§ Problem details
Go through the data below and transcribe it exactly. Omit the images.

§ Given data
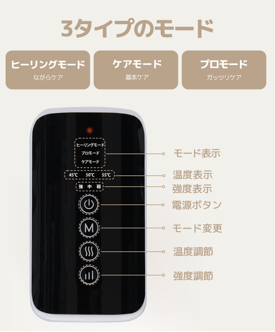 合計3タイプのマッサージモード、3段階の強度が選べるので、普段のデスクワーク、長時間の運転による疲労、育児、家事に追われる方、または頻繁に運動をされる方もケアできます。
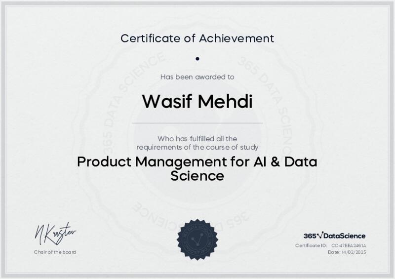 This user has been awarded the Product Management for AI & Data Science Certificate for successfully completing the course exam. Holding this certificate demonstrates their proficiency on the topic and signifies they are qualified to apply their newly acquired expertise in the fields of data analytics and data science.
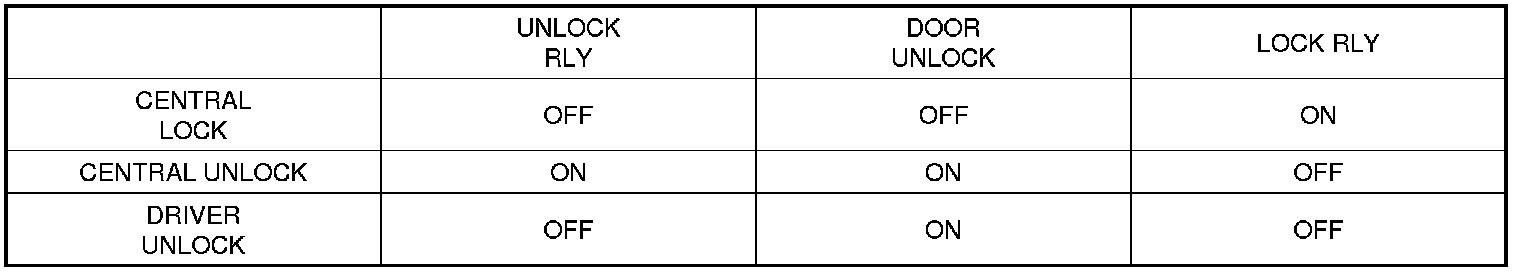 (6) The CENTRAL DOOR LOCK function is not performed during the CRASH UNLOCK output or after it. But, after the IGN is OFF, if the crash unlock function is reset, the CENTRAL DOOR LOCK function is normally performed.

§ Response
 合計3タイプのマッサージモード、3段階の強度が選べるので、普段のデスクワーク、長時間の運転による疲労、育児、家事に追われる方、または頻繁に運動をされる方もケアできます。
 This user has been awarded the Product Management for AI & Data Science Certificate for successfully completing the course exam. Holding this certificate demonstrates their proficiency on the topic and signifies they are qualified to apply their newly acquired expertise in the fields of data analytics and data science.
 (6) The CENTRAL DOOR LOCK function is not performed during the CRASH UNLOCK output or after it. But, after the IGN is OFF, if the crash unlock function is reset, the CENTRAL DOOR LOCK function is normally performed.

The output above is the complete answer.